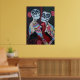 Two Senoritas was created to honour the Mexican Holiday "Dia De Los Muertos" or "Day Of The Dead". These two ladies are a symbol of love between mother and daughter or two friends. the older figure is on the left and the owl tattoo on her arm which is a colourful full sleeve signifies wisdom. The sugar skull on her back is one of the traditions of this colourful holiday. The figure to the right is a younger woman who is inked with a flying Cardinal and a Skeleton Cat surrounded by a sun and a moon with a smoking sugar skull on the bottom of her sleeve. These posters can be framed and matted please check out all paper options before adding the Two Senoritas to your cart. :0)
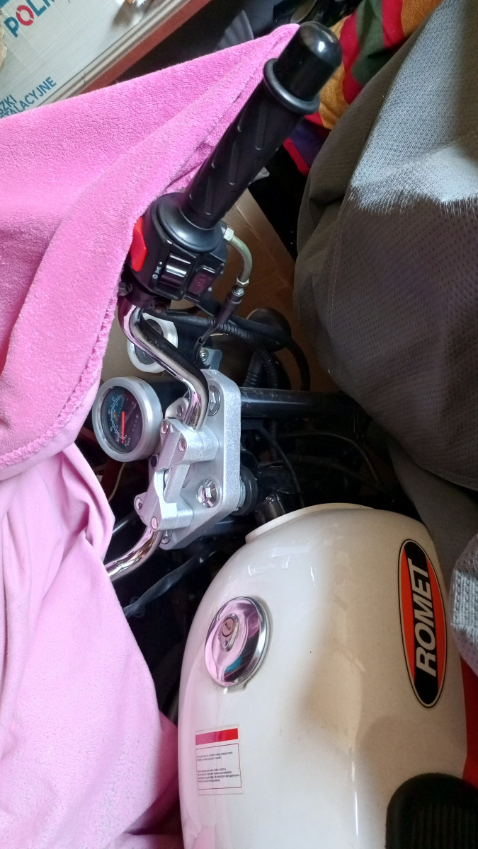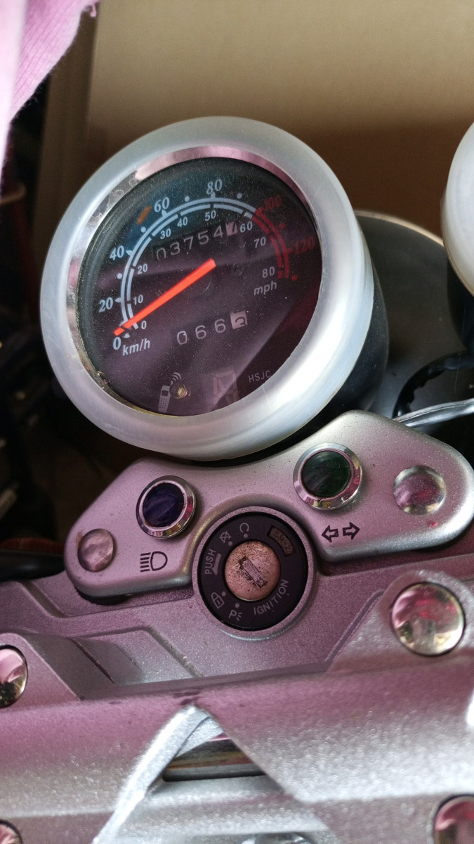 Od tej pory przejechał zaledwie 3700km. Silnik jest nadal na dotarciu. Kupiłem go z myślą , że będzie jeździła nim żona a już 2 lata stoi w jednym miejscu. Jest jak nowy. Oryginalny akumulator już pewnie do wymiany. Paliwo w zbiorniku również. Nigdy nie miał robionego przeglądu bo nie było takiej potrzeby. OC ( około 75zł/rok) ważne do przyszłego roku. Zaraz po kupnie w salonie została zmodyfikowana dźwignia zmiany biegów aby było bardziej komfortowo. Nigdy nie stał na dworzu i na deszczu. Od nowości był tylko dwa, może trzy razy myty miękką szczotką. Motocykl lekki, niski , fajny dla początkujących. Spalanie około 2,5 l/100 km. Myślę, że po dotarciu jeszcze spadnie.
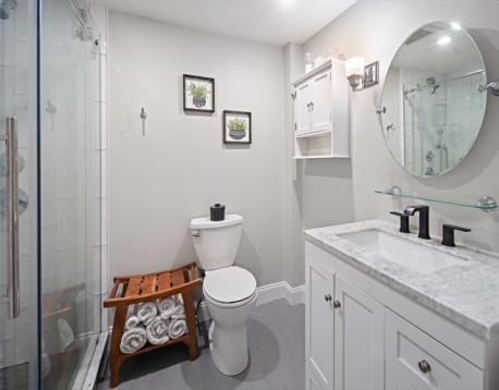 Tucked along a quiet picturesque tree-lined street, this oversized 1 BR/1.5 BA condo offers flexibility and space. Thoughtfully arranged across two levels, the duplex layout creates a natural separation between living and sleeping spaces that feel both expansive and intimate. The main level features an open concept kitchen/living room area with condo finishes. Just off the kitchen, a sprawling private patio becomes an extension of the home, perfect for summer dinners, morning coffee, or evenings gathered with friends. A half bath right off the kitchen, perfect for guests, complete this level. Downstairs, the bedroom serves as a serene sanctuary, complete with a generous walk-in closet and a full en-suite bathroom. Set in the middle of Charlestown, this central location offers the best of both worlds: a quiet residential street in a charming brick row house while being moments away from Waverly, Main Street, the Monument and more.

....................

**Task objective:**
Make an exact copy of the listing above. Its pictures are not needed.

**Written solution:**
 Two Senoritas was created to honour the Mexican Holiday "Dia De Los Muertos" or "Day Of The Dead". These two ladies are a symbol of love between mother and daughter or two friends. the older figure is on the left and the owl tattoo on her arm which is a colourful full sleeve signifies wisdom. The sugar skull on her back is one of the traditions of this colourful holiday. The figure to the right is a younger woman who is inked with a flying Cardinal and a Skeleton Cat surrounded by a sun and a moon with a smoking sugar skull on the bottom of her sleeve. These posters can be framed and matted please check out all paper options before adding the Two Senoritas to your cart. :0)
 Od tej pory przejechał zaledwie 3700km. Silnik jest nadal na dotarciu. Kupiłem go z myślą , że będzie jeździła nim żona a już 2 lata stoi w jednym miejscu. Jest jak nowy. Oryginalny akumulator już pewnie do wymiany. Paliwo w zbiorniku również. Nigdy nie miał robionego przeglądu bo nie było takiej potrzeby. OC ( około 75zł/rok) ważne do przyszłego roku. Zaraz po kupnie w salonie została zmodyfikowana dźwignia zmiany biegów aby było bardziej komfortowo. Nigdy nie stał na dworzu i na deszczu. Od nowości był tylko dwa, może trzy razy myty miękką szczotką. Motocykl lekki, niski , fajny dla początkujących. Spalanie około 2,5 l/100 km. Myślę, że po dotarciu jeszcze spadnie.
 Tucked along a quiet picturesque tree-lined street, this oversized 1 BR/1.5 BA condo offers flexibility and space. Thoughtfully arranged across two levels, the duplex layout creates a natural separation between living and sleeping spaces that feel both expansive and intimate. The main level features an open concept kitchen/living room area with condo finishes. Just off the kitchen, a sprawling private patio becomes an extension of the home, perfect for summer dinners, morning coffee, or evenings gathered with friends. A half bath right off the kitchen, perfect for guests, complete this level. Downstairs, the bedroom serves as a serene sanctuary, complete with a generous walk-in closet and a full en-suite bathroom. Set in the middle of Charlestown, this central location offers the best of both worlds: a quiet residential street in a charming brick row house while being moments away from Waverly, Main Street, the Monument and more.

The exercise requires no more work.